On June 1, 2005, Edot-com.com, Inc. acquired NanoViricide, Inc., a privately owned Florida corporation (“NVI”), pursuant to an Agreement and Plan of Share Exchange (the “Exchange”). NVI was incorporated under the laws of the State of Florida on May 12, 2005 and its sole asset was comprised of a licensing agreement with TheraCour Pharma, Inc., (“TheraCour),” an approximately 30% shareholder of NVI) for rights to develop and commercialize novel and specifically targeted drugs based on TheraCour's targeting technologies, against a number of human viral diseases. (For financial accounting purposes, the acquisition was a reverse acquisition of the Company by NVI, under the purchase method of accounting, and was treated as a recapitalization with NVI as the acquirer). Upon consummation of the Exchange, ECMM adopted the business plan of NVI.

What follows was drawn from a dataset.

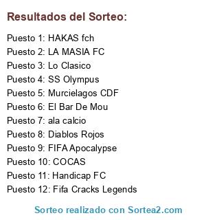 Lista de participantes: Lo Clasico, ala calcio, COCAS, SS Olympus, FIFA Apocalypse, Fifa Cracks Legends, El Bar De Mou, Diablos Rojos, Handicap FC, Murcielagos CDF, HAKAS fch , LA MASIA FC.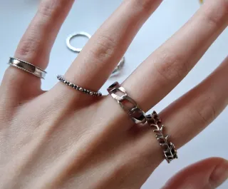 Conjunto de ocho anillos con un diseño moderno y elegante. Son de diferentes tallas - Diseño de eslabones. - Diseño de hoja. - Diseño de bolitas. - Diseño con borde texturizado.

Pursuant to the terms of the Exchange, ECMM acquired NVI in exchange for an aggregate of 80,000,000 newly issued shares of ECMM common stock, resulting in an aggregate of 100,000,000 shares of ECMM common stock issued and outstanding. As a result of the Exchange, NVI became a wholly-owned subsidiary of ECMM. The ECMM shares were issued to the NVI Shareholders on a pro rata basis, on the basis of 4,000 shares of the Company’s Common Stock for each share of NVI common stock held by such NVI Shareholder at the time of the Exchange.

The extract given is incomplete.